Nora: Working with the task force, which held meetings all around the state, was incredibly rewarding and a great way to get a much deeper understanding of the challenges facing our orcas and the science supporting potential actions to help them recover. As the task force discussions made clear, there is not one single answer and all of us, including community members, businesses, and elected leaders will all have to make sacrifices to save this iconic species. It starts with protecting food sources and habitat and taking immediate steps to reduce vessel noise, but measures to address many other issues such as stormwater pollution and fish barrier removal also need to be part of a comprehensive plan.
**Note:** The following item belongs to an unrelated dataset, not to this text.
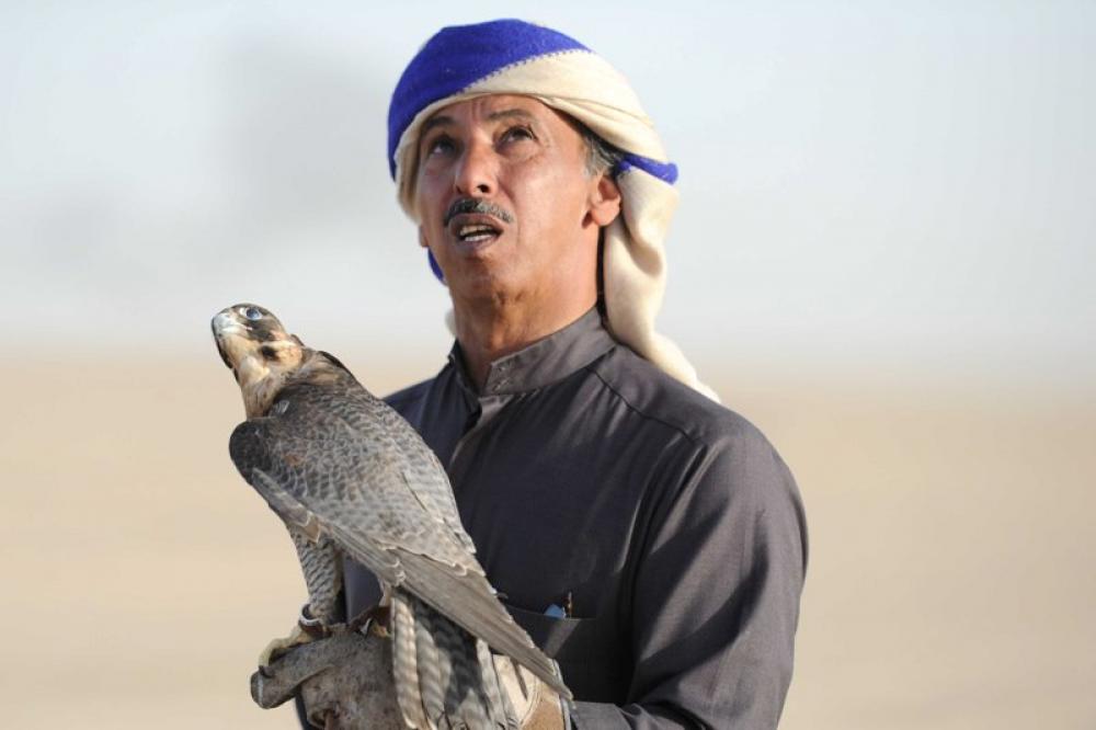 JAHRA GOVERNORATE, Dec. 29, 2019 (Xinhua) -- A man holds a falcon during a training show in Jahra Governorate, Kuwait, Dec. 28, 2019. Kuwaiti falcon lovers held on Saturday a falcon training show in the desert of Jahra Governorate to introduce how falcons hunt in desert.

Question: What should we be watching for this upcoming legislative session when it comes to orca-related policy?

Nora: In December, Governor Inslee released his proposed budget with $1.1 billion in investments over the next two years aimed at taking bold actions to save the southern resident orcas from extinction. Some of the changes that will be considered include adding funds to restore and protect crucial habitat for salmon, decreasing noise and disturbance from vessels, preventing oil spills and reducing pollution. The need is critical and urgent, and the Governor’s budget is an important step in the right direction. It is imperative that we pass science-based policies that can make a real difference, and I am excited for the Aquarium to be a leading voice in the process.

Question: What is something individuals can do to help advance these important policies?

Nora: In the coming months, we will be sharing ideas of actions that everyone can take. With the legislative session about to start, you can get involved today by calling your state legislators at 1-800-562-6000. Tell them that you want to see strong support for the Governor’s investments in orca and salmon recovery, and that it needs to be a top priority this year. The orcas are ailing, but we can all help!